Restate the listing below word for word, pictures excluded.

▶ **Supplied information**

_____

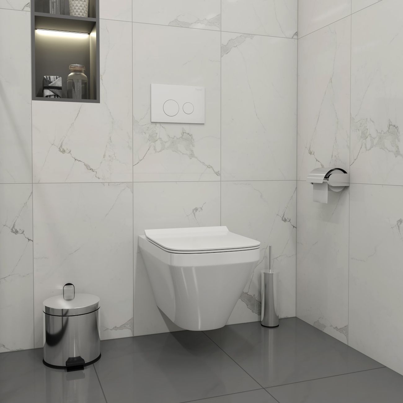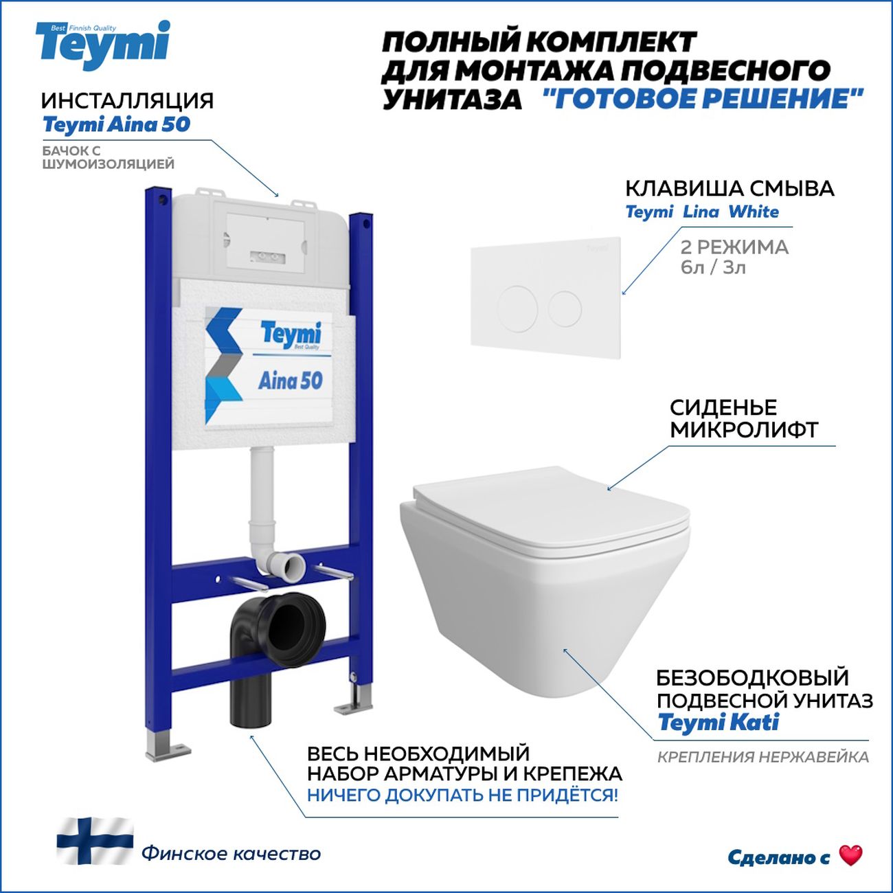 Комплект «Готовое решение» для установки инсталляции с подвесным унитазом: -- инсталляция TEYMI AINA 50 T70033 – монтажная рама из цельного стального профиля прямоугольного сечения, позволяющая выдерживать нагрузки до 400 кг. Габаритная ширина рамы 525 мм; -- клавиша смыва TEYMI LINA T70019WM, цвет БЕЛЫЙ МАТОВЫЙ; -- унитаз подвесной безободковый TEYMI KATI T40701; -- ультратонкое сиденье с микролифтом; -- полный комплект арматуры для монтажа: уплотнительные кольца, манжеты, труба смыва, фановый отвод с удлинителем, защитный кожух ревизионного окна с крепежной рамкой, закрывающей панелью и крышкой; -- полный комплект крепежа для установки: крепеж к стене, шпильки для унитаза, крепежная рамка, соединительные шпильки, толкатели, фиксаторы; -- инструкция по установке и обслуживанию. Преимущества комплекта: -- полная (максимальная) комплектация для установки - больше ничего докупать не придётся; -- все составляющие комплекта идеально подходят друг к другу; -- рама покрыта суперпрочной порошковой краской синего цвета с антикоррозионными свойствами; -- высота монтажной рамы может регулироваться с ходом до 20 см с помощью ножек из оцинкованной стали; -- универсальный монтаж – межосевое расстояние под шпильки для подвесного унитаза 180 и 230 мм – подходит ко всем подвесным унитазам; -- сливной бачок скрытого монтажа, изготовленный из полиэтилена низкого давления, рассчитан на 200 тысяч циклов смыва, а цельнолитая бесшовная конструкция позволит работать без протечек в течение всего периода эксплуатации; -- 2-режимный слив 3 / 6 л с возможностью регулировки; -- лёгкость обслуживания бачка благодаря ревизионному окну, скрытому за клавишей смыва; -- гарантия 10 лет на весь комплект и 50 лет на стальную раму. Размер инсталляции с бачком: высота 1055 мм Х ширина 525 мм Х глубина 96 мм. Уважаемые покупатели, обращаем ваше внимание на то, что система инсталляции TEYMI AINA 50 может быть также укомплектована другими клавишами смыва или подвесными унитазами от бренда TEYMI (вы можете найти их на этом сайте по указанным артикулам). Предлагаем вам рассмотреть варианты сочетания со следующими клавишами: : HELMI хром T70202CH : HELMI черная T70203BM : HELMI белая T70018WM : LINA хром T70102CH : LINA черная T70103BM : LINA белая T70019WM : AINA хром T70012CH : AINA черная T70013BM : AINA белая T70020WM : KATI хром T70701CH : KATI черная T70702BM : KATI белая T70021WM : ELLIE хром T70022CH : ELLIE черная T70023BM : ELLIE белая T70024WM Также просим обратить взгляд на наши лучшие безободковые подвесные унитазы: : SOLLI T40201 : LINA S T40102 : HELMI S T40302 : HELMI VORTEX T40303 : IVA T40601 : ELLIE T40802 : LINA MEDIA T40105 : KATI T40701 : HANNA PRO T40901 : HELMI S BLACK T40302MB : VITRA PRO T40806 : VITRA T40804 : DEMI T40208 : LINA VORTEX T40110 : RITTA T40809 : LINA PRO T40106 : LINA S BLACK T40111
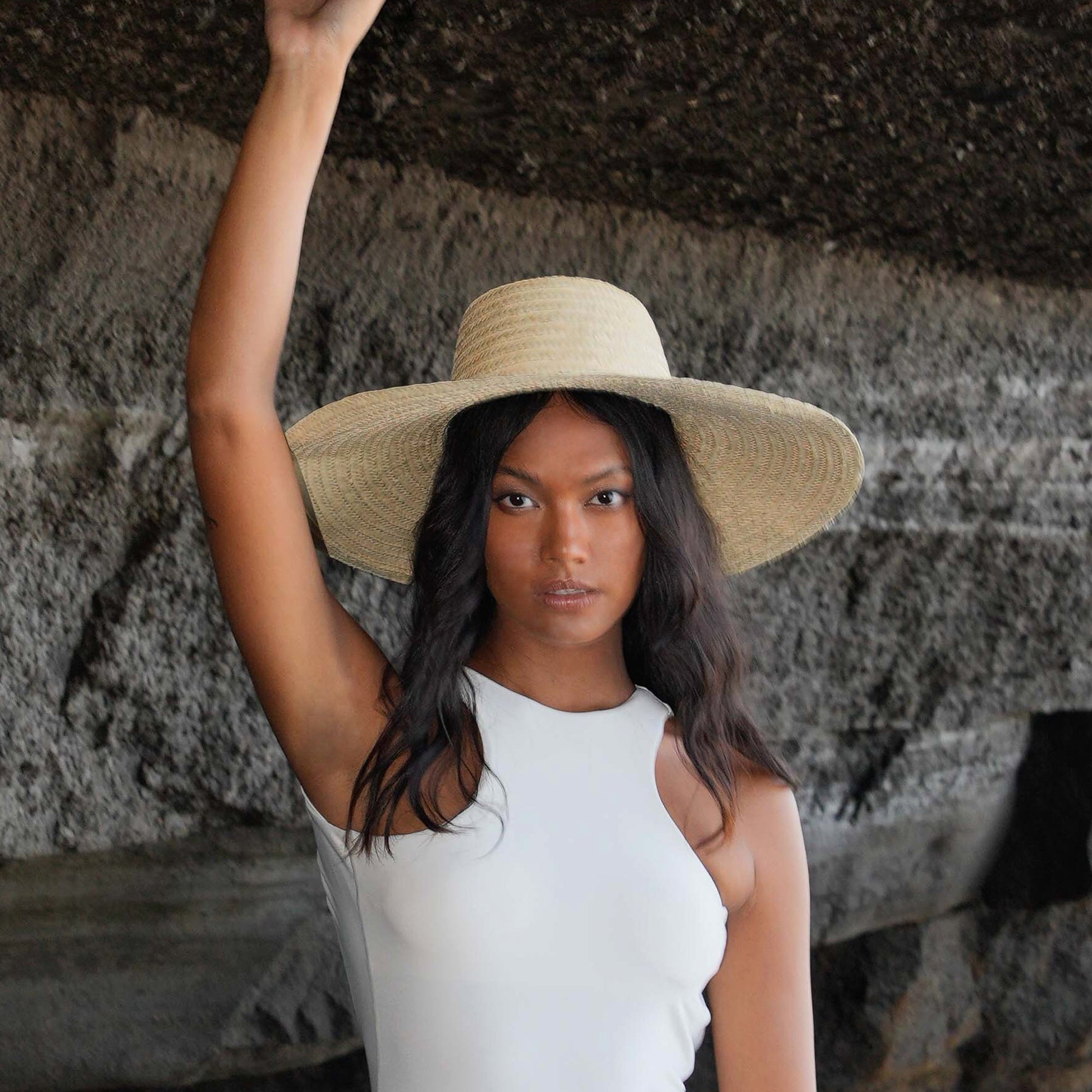 Rianna Palm straw hat is crafted from lightweight palm straws sourced locally from Bali. This sleek sun hat features a wide brim and cotton neck straps to keep it secure when the winds pick up. Wear yours to stay protected on sunny days in style.
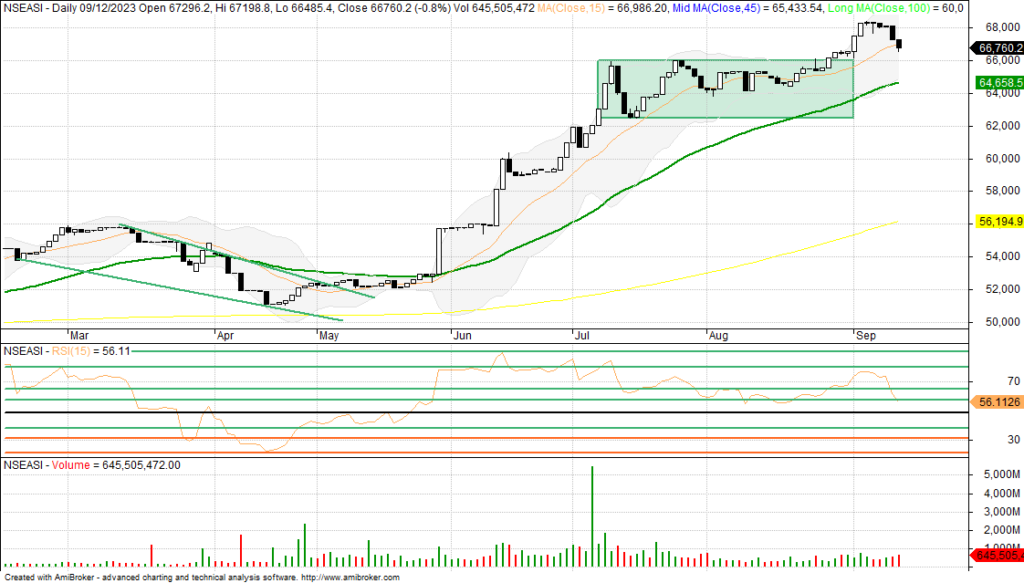 The NGX All-Share index at the end of Tuesday’s trading broke down another support level and psychological line of 67,000 to test 66,485.40 basis points as it continues on the decline phase to trade below the T-line, having formed a hammer candlestick that indicates reversal underway. However, let us wait to confirm the strong support level, as the 2008 resistance level turns another support to watch out for.

_____

▶ **Output for this task**
 Комплект «Готовое решение» для установки инсталляции с подвесным унитазом: -- инсталляция TEYMI AINA 50 T70033 – монтажная рама из цельного стального профиля прямоугольного сечения, позволяющая выдерживать нагрузки до 400 кг. Габаритная ширина рамы 525 мм; -- клавиша смыва TEYMI LINA T70019WM, цвет БЕЛЫЙ МАТОВЫЙ; -- унитаз подвесной безободковый TEYMI KATI T40701; -- ультратонкое сиденье с микролифтом; -- полный комплект арматуры для монтажа: уплотнительные кольца, манжеты, труба смыва, фановый отвод с удлинителем, защитный кожух ревизионного окна с крепежной рамкой, закрывающей панелью и крышкой; -- полный комплект крепежа для установки: крепеж к стене, шпильки для унитаза, крепежная рамка, соединительные шпильки, толкатели, фиксаторы; -- инструкция по установке и обслуживанию. Преимущества комплекта: -- полная (максимальная) комплектация для установки - больше ничего докупать не придётся; -- все составляющие комплекта идеально подходят друг к другу; -- рама покрыта суперпрочной порошковой краской синего цвета с антикоррозионными свойствами; -- высота монтажной рамы может регулироваться с ходом до 20 см с помощью ножек из оцинкованной стали; -- универсальный монтаж – межосевое расстояние под шпильки для подвесного унитаза 180 и 230 мм – подходит ко всем подвесным унитазам; -- сливной бачок скрытого монтажа, изготовленный из полиэтилена низкого давления, рассчитан на 200 тысяч циклов смыва, а цельнолитая бесшовная конструкция позволит работать без протечек в течение всего периода эксплуатации; -- 2-режимный слив 3 / 6 л с возможностью регулировки; -- лёгкость обслуживания бачка благодаря ревизионному окну, скрытому за клавишей смыва; -- гарантия 10 лет на весь комплект и 50 лет на стальную раму. Размер инсталляции с бачком: высота 1055 мм Х ширина 525 мм Х глубина 96 мм. Уважаемые покупатели, обращаем ваше внимание на то, что система инсталляции TEYMI AINA 50 может быть также укомплектована другими клавишами смыва или подвесными унитазами от бренда TEYMI (вы можете найти их на этом сайте по указанным артикулам). Предлагаем вам рассмотреть варианты сочетания со следующими клавишами: : HELMI хром T70202CH : HELMI черная T70203BM : HELMI белая T70018WM : LINA хром T70102CH : LINA черная T70103BM : LINA белая T70019WM : AINA хром T70012CH : AINA черная T70013BM : AINA белая T70020WM : KATI хром T70701CH : KATI черная T70702BM : KATI белая T70021WM : ELLIE хром T70022CH : ELLIE черная T70023BM : ELLIE белая T70024WM Также просим обратить взгляд на наши лучшие безободковые подвесные унитазы: : SOLLI T40201 : LINA S T40102 : HELMI S T40302 : HELMI VORTEX T40303 : IVA T40601 : ELLIE T40802 : LINA MEDIA T40105 : KATI T40701 : HANNA PRO T40901 : HELMI S BLACK T40302MB : VITRA PRO T40806 : VITRA T40804 : DEMI T40208 : LINA VORTEX T40110 : RITTA T40809 : LINA PRO T40106 : LINA S BLACK T40111
 Rianna Palm straw hat is crafted from lightweight palm straws sourced locally from Bali. This sleek sun hat features a wide brim and cotton neck straps to keep it secure when the winds pick up. Wear yours to stay protected on sunny days in style.
 The NGX All-Share index at the end of Tuesday’s trading broke down another support level and psychological line of 67,000 to test 66,485.40 basis points as it continues on the decline phase to trade below the T-line, having formed a hammer candlestick that indicates reversal underway. However, let us wait to confirm the strong support level, as the 2008 resistance level turns another support to watch out for.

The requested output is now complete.